(Dataset records)

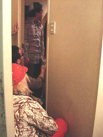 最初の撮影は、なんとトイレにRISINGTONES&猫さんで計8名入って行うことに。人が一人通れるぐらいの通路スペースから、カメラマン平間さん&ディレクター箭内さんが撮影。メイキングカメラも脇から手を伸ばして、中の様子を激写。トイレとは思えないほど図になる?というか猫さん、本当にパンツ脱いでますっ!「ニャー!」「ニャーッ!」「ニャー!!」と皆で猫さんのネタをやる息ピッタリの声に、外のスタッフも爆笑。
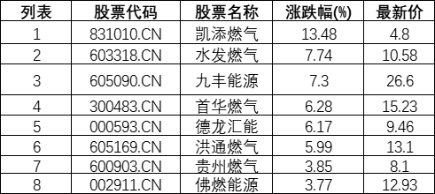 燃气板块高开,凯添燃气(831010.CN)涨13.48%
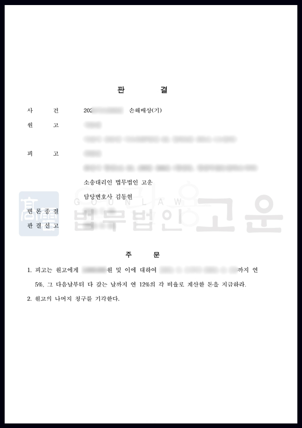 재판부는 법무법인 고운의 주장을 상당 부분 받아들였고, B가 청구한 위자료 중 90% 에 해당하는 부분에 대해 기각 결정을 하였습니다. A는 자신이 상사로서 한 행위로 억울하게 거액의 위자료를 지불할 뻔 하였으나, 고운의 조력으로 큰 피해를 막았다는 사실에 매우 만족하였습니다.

(End Dataset records)
(Dataset records)

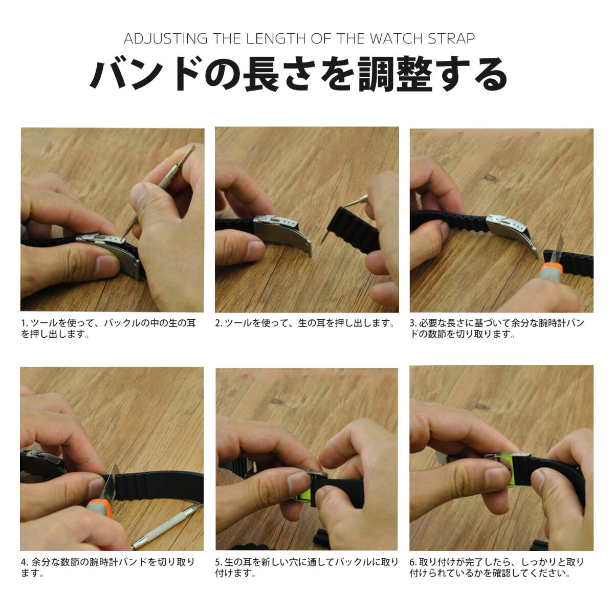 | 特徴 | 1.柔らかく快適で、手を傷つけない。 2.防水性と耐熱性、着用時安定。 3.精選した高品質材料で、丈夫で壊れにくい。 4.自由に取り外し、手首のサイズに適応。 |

(End Dataset records)

◆ Problem to solve: Reproduce, word for word, everything in the listing above from the line containing "最初の撮影は、なんとトイレに" down to the line containing "燃气板块高开,凯添燃气(831010.CN)涨13.48%", both of them included. No pictures.

◆ Answer box:
 最初の撮影は、なんとトイレにRISINGTONES&猫さんで計8名入って行うことに。人が一人通れるぐらいの通路スペースから、カメラマン平間さん&ディレクター箭内さんが撮影。メイキングカメラも脇から手を伸ばして、中の様子を激写。トイレとは思えないほど図になる?というか猫さん、本当にパンツ脱いでますっ!「ニャー!」「ニャーッ!」「ニャー!!」と皆で猫さんのネタをやる息ピッタリの声に、外のスタッフも爆笑。
 燃气板块高开,凯添燃气(831010.CN)涨13.48%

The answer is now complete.